-- WHAT THE EXERCISE ASKS --
After locating the line that contains "Виторган (слева) и…" in the records below, write out exactly that line and each line after it through the one that contains "공항이 있는 도시들은", and nothing else.

Stored records

-*-

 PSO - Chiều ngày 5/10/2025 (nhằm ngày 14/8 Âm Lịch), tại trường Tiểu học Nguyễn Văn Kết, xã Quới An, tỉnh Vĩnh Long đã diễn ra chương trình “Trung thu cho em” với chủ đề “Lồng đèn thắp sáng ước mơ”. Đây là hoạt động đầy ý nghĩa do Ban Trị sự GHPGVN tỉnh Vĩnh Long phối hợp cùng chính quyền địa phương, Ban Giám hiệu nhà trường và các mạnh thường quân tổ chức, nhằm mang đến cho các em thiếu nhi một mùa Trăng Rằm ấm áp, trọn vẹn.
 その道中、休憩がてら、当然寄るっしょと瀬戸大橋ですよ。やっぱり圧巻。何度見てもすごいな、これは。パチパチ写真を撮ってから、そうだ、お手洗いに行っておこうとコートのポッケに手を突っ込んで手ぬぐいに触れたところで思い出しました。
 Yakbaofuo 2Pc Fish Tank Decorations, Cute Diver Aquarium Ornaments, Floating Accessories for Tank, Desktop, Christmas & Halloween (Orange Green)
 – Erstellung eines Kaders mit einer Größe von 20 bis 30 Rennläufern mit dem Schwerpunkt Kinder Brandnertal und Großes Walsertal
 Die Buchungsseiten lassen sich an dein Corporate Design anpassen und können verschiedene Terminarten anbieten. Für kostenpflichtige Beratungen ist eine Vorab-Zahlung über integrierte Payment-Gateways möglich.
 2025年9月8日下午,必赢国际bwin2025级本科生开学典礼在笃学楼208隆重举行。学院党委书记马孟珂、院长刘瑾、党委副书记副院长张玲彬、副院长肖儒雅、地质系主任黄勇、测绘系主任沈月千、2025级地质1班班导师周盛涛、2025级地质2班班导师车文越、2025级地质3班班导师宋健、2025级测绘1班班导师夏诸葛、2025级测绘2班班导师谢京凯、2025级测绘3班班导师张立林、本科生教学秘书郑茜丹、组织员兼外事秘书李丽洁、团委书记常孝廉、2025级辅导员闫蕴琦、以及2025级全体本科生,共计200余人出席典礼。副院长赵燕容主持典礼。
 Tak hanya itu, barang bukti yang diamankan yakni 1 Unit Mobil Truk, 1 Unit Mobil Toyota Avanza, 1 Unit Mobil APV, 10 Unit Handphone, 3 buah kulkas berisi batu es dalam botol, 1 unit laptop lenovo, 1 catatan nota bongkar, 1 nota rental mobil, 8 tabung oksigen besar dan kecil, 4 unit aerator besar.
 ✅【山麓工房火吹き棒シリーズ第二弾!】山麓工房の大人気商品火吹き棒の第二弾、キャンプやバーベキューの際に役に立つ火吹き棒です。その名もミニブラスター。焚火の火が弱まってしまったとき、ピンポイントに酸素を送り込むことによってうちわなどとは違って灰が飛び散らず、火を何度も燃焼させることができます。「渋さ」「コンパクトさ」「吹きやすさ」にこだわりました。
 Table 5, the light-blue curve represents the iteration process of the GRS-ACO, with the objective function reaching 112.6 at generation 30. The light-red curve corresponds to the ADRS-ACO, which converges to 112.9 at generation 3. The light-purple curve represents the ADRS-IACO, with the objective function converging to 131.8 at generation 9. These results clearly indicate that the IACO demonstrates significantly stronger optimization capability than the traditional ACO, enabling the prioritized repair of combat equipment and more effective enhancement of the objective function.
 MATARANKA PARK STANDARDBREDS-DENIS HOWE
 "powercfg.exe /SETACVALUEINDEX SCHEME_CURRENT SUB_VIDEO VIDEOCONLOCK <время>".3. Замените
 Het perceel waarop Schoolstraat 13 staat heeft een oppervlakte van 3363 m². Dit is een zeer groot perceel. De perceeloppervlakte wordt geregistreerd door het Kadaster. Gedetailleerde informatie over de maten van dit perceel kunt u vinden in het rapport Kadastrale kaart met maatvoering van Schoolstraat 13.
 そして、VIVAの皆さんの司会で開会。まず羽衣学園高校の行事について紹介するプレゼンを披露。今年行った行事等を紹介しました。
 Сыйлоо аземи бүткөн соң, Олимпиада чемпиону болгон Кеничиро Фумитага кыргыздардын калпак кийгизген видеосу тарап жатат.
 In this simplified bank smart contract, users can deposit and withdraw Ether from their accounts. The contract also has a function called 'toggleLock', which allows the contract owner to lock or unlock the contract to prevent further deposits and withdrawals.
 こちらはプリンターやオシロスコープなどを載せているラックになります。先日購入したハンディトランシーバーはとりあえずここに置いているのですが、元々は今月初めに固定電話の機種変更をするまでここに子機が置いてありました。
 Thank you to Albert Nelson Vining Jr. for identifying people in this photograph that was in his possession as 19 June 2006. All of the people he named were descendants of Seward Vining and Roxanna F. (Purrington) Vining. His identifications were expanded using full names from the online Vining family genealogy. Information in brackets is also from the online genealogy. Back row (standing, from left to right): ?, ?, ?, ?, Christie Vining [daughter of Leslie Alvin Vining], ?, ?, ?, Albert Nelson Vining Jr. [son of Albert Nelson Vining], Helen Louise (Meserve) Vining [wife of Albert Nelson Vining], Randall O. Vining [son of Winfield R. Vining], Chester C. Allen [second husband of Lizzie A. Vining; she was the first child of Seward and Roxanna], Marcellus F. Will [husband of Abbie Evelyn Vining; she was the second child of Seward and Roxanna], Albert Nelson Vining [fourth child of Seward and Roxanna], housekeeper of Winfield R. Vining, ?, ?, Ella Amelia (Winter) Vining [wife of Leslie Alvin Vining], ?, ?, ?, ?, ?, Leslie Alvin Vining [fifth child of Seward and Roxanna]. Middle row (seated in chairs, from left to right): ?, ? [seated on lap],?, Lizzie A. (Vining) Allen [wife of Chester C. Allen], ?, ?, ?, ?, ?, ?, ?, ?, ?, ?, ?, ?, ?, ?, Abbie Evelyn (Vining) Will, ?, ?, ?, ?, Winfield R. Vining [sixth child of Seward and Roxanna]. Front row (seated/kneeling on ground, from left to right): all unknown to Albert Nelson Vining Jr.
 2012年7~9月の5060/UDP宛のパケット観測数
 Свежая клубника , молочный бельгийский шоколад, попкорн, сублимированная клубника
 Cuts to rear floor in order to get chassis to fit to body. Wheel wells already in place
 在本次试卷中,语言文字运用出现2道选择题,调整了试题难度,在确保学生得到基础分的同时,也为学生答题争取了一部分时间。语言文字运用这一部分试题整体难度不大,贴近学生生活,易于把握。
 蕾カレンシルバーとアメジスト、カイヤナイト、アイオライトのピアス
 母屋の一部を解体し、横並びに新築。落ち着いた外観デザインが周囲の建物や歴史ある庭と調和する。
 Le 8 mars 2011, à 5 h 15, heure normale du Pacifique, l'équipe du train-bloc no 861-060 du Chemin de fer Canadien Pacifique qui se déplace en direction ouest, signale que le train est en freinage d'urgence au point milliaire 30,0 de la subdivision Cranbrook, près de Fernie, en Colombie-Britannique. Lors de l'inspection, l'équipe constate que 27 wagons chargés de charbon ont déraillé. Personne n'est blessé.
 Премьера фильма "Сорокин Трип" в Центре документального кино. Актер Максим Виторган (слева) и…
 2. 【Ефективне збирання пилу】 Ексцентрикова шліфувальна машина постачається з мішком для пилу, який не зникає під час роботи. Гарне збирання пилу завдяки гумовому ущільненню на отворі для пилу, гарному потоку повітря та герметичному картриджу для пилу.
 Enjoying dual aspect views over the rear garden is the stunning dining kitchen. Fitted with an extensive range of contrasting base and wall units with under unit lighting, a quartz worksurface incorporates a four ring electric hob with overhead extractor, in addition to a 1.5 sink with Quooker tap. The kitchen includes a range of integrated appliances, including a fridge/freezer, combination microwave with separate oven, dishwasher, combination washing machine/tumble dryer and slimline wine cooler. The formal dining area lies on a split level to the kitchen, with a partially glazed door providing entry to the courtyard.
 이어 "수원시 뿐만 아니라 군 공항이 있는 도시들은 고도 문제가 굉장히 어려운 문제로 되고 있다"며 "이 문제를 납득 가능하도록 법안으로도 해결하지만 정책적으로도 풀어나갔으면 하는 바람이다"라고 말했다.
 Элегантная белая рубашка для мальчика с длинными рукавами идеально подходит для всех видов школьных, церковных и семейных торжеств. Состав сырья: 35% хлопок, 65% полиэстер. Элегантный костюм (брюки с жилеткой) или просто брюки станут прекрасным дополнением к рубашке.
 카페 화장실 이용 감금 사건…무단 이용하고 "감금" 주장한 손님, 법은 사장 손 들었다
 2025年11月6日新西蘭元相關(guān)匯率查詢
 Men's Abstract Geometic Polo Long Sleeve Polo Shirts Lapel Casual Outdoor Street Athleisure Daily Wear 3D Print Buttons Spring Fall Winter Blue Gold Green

-*-

-- OUTPUT OF THE EXERCISE --
 Премьера фильма "Сорокин Трип" в Центре документального кино. Актер Максим Виторган (слева) и…
 2. 【Ефективне збирання пилу】 Ексцентрикова шліфувальна машина постачається з мішком для пилу, який не зникає під час роботи. Гарне збирання пилу завдяки гумовому ущільненню на отворі для пилу, гарному потоку повітря та герметичному картриджу для пилу.
 Enjoying dual aspect views over the rear garden is the stunning dining kitchen. Fitted with an extensive range of contrasting base and wall units with under unit lighting, a quartz worksurface incorporates a four ring electric hob with overhead extractor, in addition to a 1.5 sink with Quooker tap. The kitchen includes a range of integrated appliances, including a fridge/freezer, combination microwave with separate oven, dishwasher, combination washing machine/tumble dryer and slimline wine cooler. The formal dining area lies on a split level to the kitchen, with a partially glazed door providing entry to the courtyard.
 이어 "수원시 뿐만 아니라 군 공항이 있는 도시들은 고도 문제가 굉장히 어려운 문제로 되고 있다"며 "이 문제를 납득 가능하도록 법안으로도 해결하지만 정책적으로도 풀어나갔으면 하는 바람이다"라고 말했다.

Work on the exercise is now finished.